The vast majority of the Eerie Pubs stories were either retouched, gored-up reprints of pre-Code comics or remakes of pre-Code comics — ‘scripted’ by handing the artists photocopies of the original stories and asking them to accommodate the same narration and dialogue — which isn’t exactly a recipe for critical adulation, so I suspect a bunch of Howlett’s information will be new, particularly concerning the large contingent of Argentinian artists on the payroll. But even more interesting to me was the information on the all-important Eerie Pubs cover art, which was my first exposure to the stuff, via a gallery included on one of Something Weird’s dvds a few years back.

Indeed, Howlett’s interest in the material is not unlike that of a dedicated exploitation movie enthusiast, thrilled by the shameless money-making antics of bullshit magnate Myron Fass (NSFW – and boy, who would ever name a magazine FLICK, as if it’d look like “FUCK” on the newsstands, gosh that’s silly!) while working through the actual magazines’ tendencies to fail to credit artists or ruthlessly slice ‘n dice and recycle material. Like a low-budget movie crew happening upon a prime, cheap location, the acquisition of a big cache of Johnny Bruck cover art from German sci-fi paperbacks would prompt the Eerie crew, in 1971, to not only launch a pair of similarly cheap sci-fi comics magazines but make over the existing horror lineup in sci-fi style, perhaps until the stash ran low. Sizzle before steak, etc.

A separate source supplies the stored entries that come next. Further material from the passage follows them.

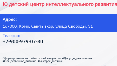 IQ, детский центр интеллектуального развития по адресу 167000, Коми, Сыктывкар, улица Свободы, 31 в дальнейшем Организация, размещена в следующих категориях: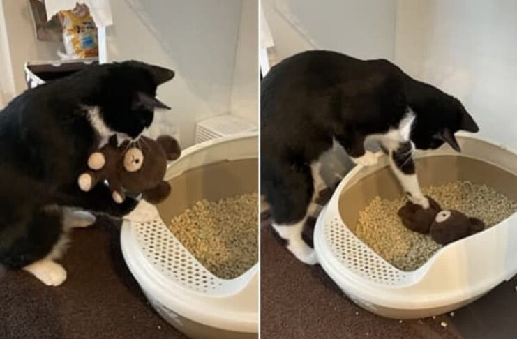 猫がぬいぐるみにトイレの使い方を教える姿が話題に。愛らしい行動にネットユーザーも大喜び。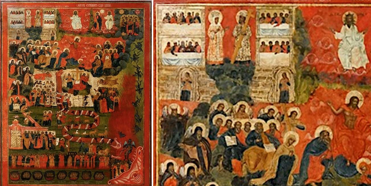 Dieses Beispiel ist eine Weltgerichtsikone aus Soligalich, einer Kleinstadt in der Oblast Kostroma, der bekannt für seine Ikonenproduktion ist. Die Arbeit in Tempera entstand im letzten Viertel des 18. Jahrhunderts. Wie inzwischen populär, wurde an der Himmelspforte Christus zusammen mit Maria, der Königin des Neuen Jerusalems, gezeigt. Das Oval, das diese Personen einfasst, ist noch nicht vollständig ausgearbeitet, aber im Ansatz zu erkennen.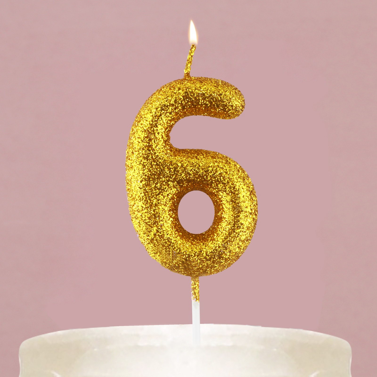 Свеча для торта, цифра, блестящая "6", золото, 9.5 x 4 см, 4x1x10 см., Страна Карнавалия, Китай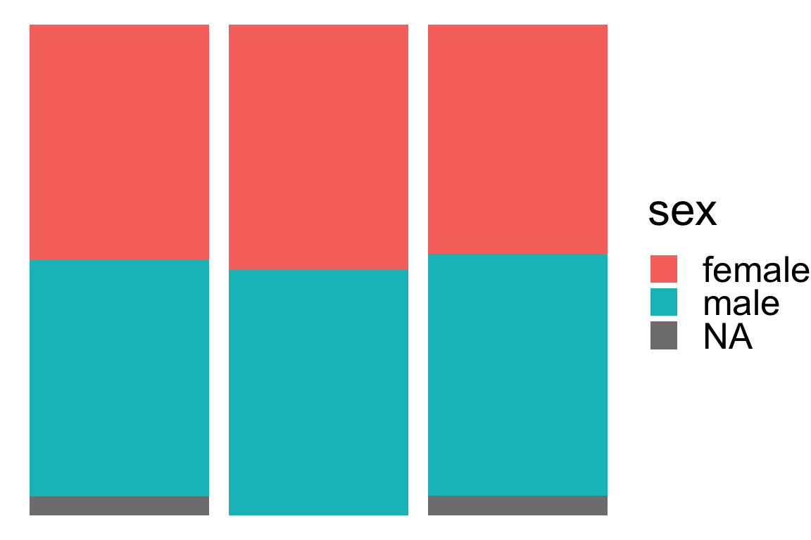 geom_bar()geom_col()geom_point()geom_tile()geom_density()geom_bar()stat = "count" is computing the frequencies for each category for you.stat_count() and change the geom.geom_col()stat = "count" to do the counting for you and use geom_col() instead.geom_bar(stat = "identity") where stat = "identity" means that you will take the value as supplied without any statistical transformation.position_dodge() for grouped barplotsposition_dodge2() for improved grouped barplotsposition_fill() for stacked percentage barplotsposition_identity() to use the raw positionsposition_jitter() to add random noise to pointsposition_jitterdodge() for jittered and dodged pointsposition_nudge() to shift the position by a fixed amountposition_stack() for stacked barplotscoord_polar()
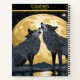 Under a vibrant, full moon, two wolves stand side by side, their heads lifted in a harmonious howl. The night sky is adorned with twinkling stars, and the reflections shimmer in the water, creating a serene and enchanting atmosphere.

Yet the lingering style (by which I mean the cover style) of the Eerie Pubs didn’t come from Bruck, or moonlighting Selecciones Ilustradas artist and Warren contributor Fernando Fernández, or Argentine artist Oscar Antonio Novelle, whose work is detailed for the cover seen up top – no, I agree with Howlett that the ‘face’ of Eerie was one Bill Alexander, perhaps the most prominent black artist of the b&w horror magazines, albeit in terms of works displayed rather than credit given, which really made him nearly invisible.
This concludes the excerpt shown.